**Instructions to follow**: Starting with the line with "一开始,学员就很主动的与火车" in the entries below and going on through the line with "杨越超(左三)在实验室指导博士研究生开发生物基材料包膜控释肥新产品。", output every line exactly and nothing more. No pictures.

**Supplied material**:
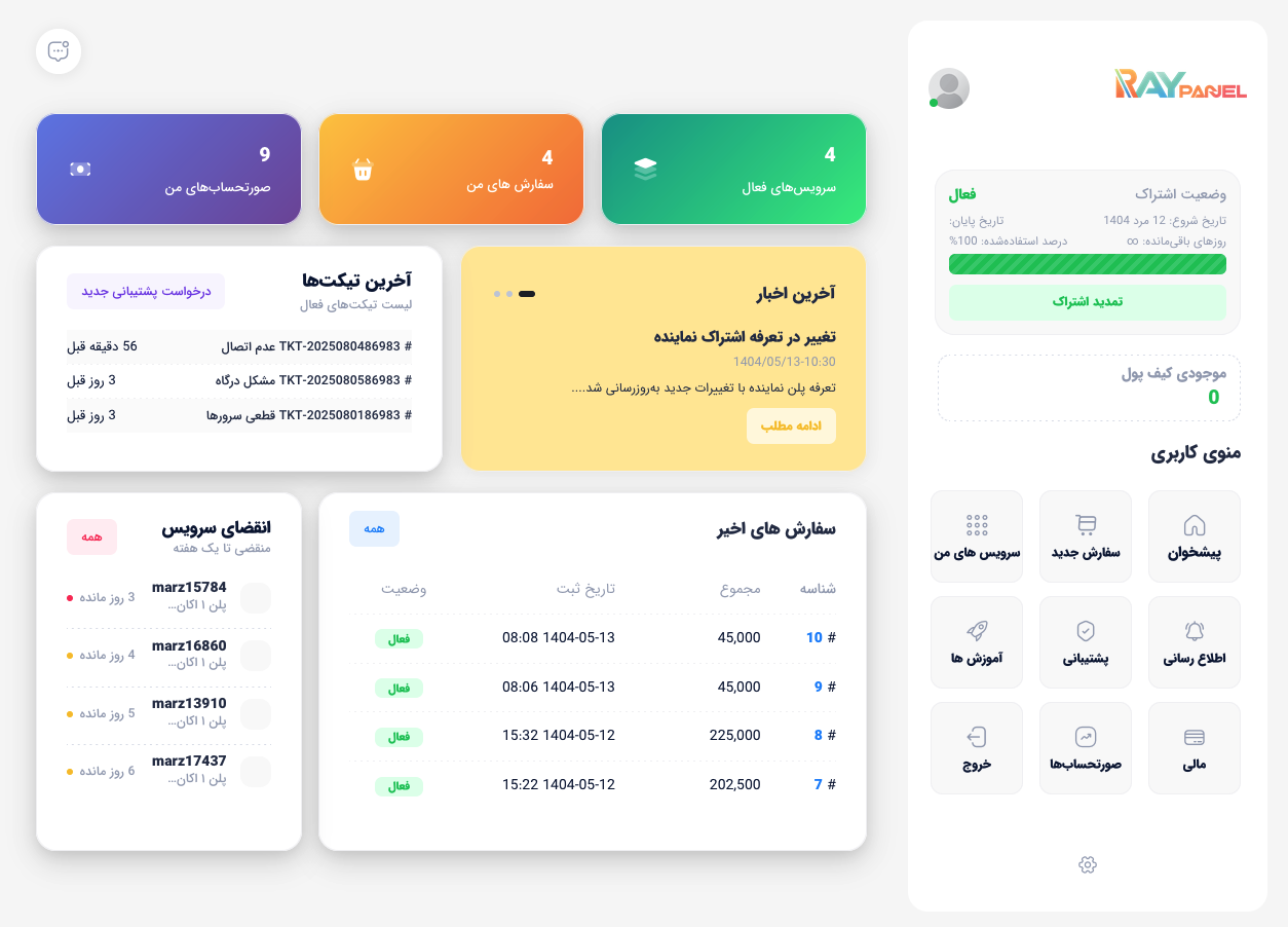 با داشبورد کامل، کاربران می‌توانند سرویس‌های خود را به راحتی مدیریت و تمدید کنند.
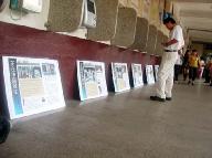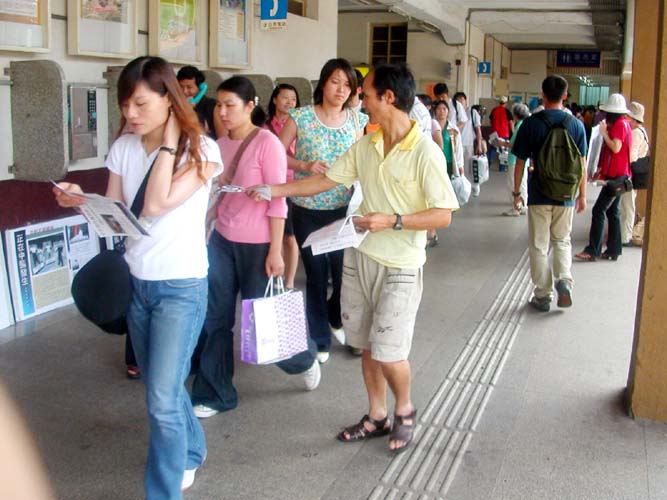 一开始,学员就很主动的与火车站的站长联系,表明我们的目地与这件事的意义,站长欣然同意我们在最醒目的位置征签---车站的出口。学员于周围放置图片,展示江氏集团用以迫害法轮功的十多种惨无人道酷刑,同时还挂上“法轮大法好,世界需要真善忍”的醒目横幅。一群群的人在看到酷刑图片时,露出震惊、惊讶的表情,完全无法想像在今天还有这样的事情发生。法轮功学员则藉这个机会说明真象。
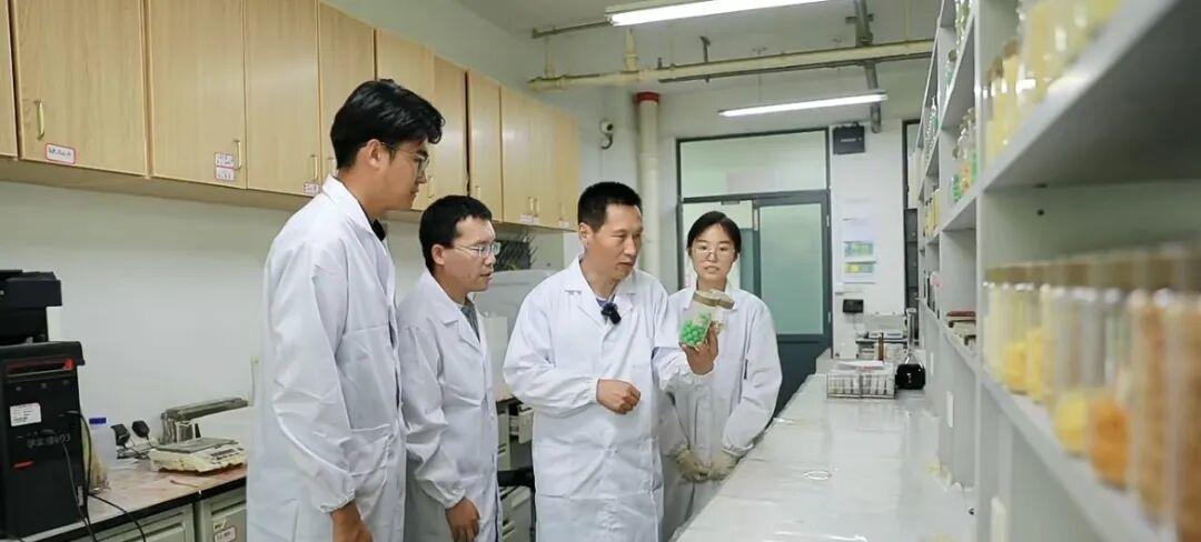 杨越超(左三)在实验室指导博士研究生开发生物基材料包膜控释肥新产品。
--
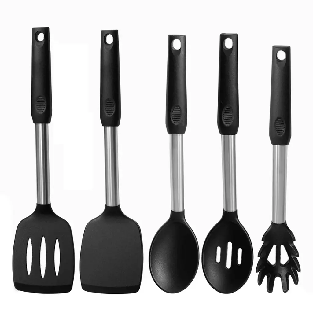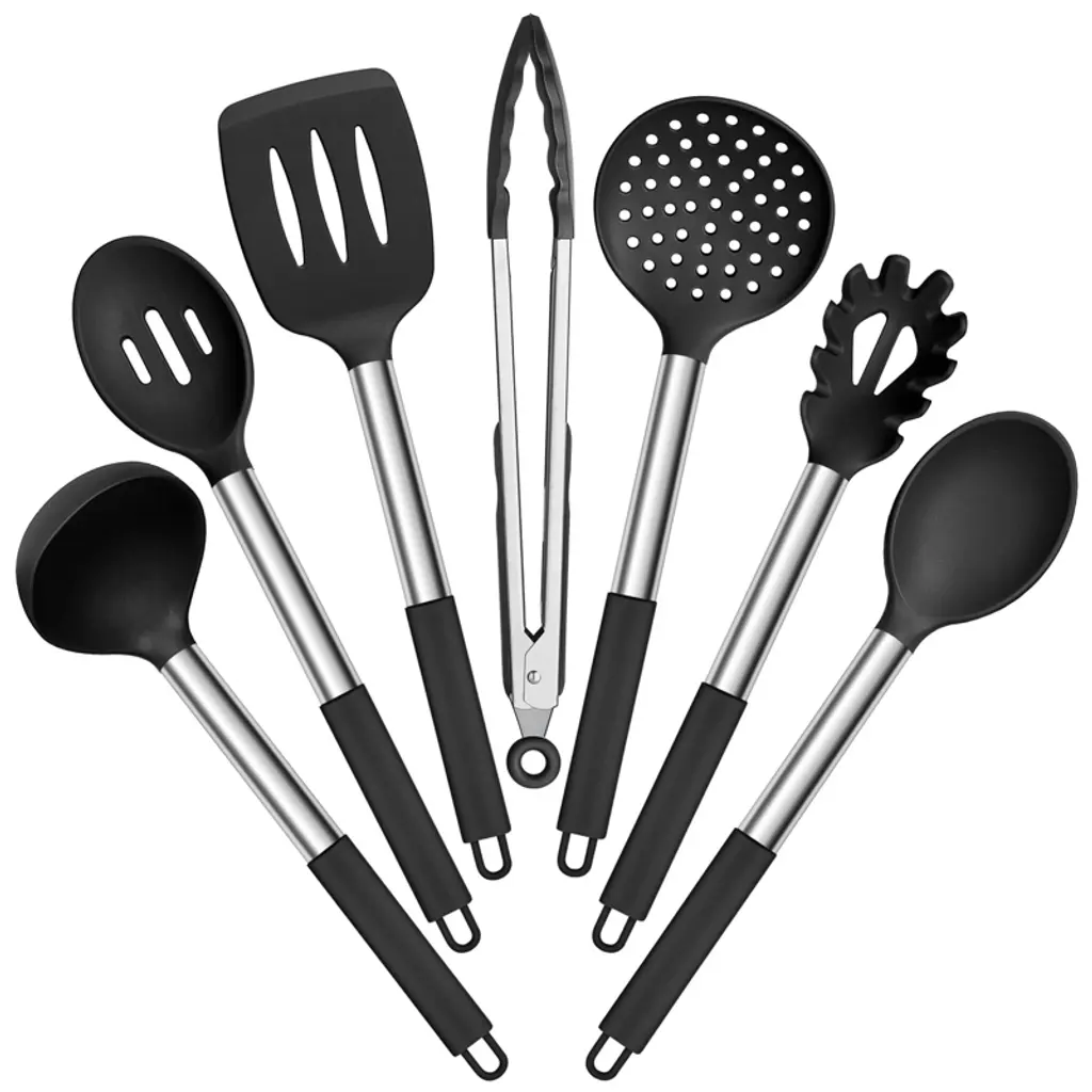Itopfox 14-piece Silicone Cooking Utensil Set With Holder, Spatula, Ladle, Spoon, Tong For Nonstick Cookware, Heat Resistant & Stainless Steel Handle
...
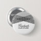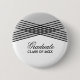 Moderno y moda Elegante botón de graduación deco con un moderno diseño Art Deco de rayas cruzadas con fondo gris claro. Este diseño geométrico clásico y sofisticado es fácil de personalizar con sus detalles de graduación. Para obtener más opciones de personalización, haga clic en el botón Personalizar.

**Exercise answer**:
 一开始,学员就很主动的与火车站的站长联系,表明我们的目地与这件事的意义,站长欣然同意我们在最醒目的位置征签---车站的出口。学员于周围放置图片,展示江氏集团用以迫害法轮功的十多种惨无人道酷刑,同时还挂上“法轮大法好,世界需要真善忍”的醒目横幅。一群群的人在看到酷刑图片时,露出震惊、惊讶的表情,完全无法想像在今天还有这样的事情发生。法轮功学员则藉这个机会说明真象。
 杨越超(左三)在实验室指导博士研究生开发生物基材料包膜控释肥新产品。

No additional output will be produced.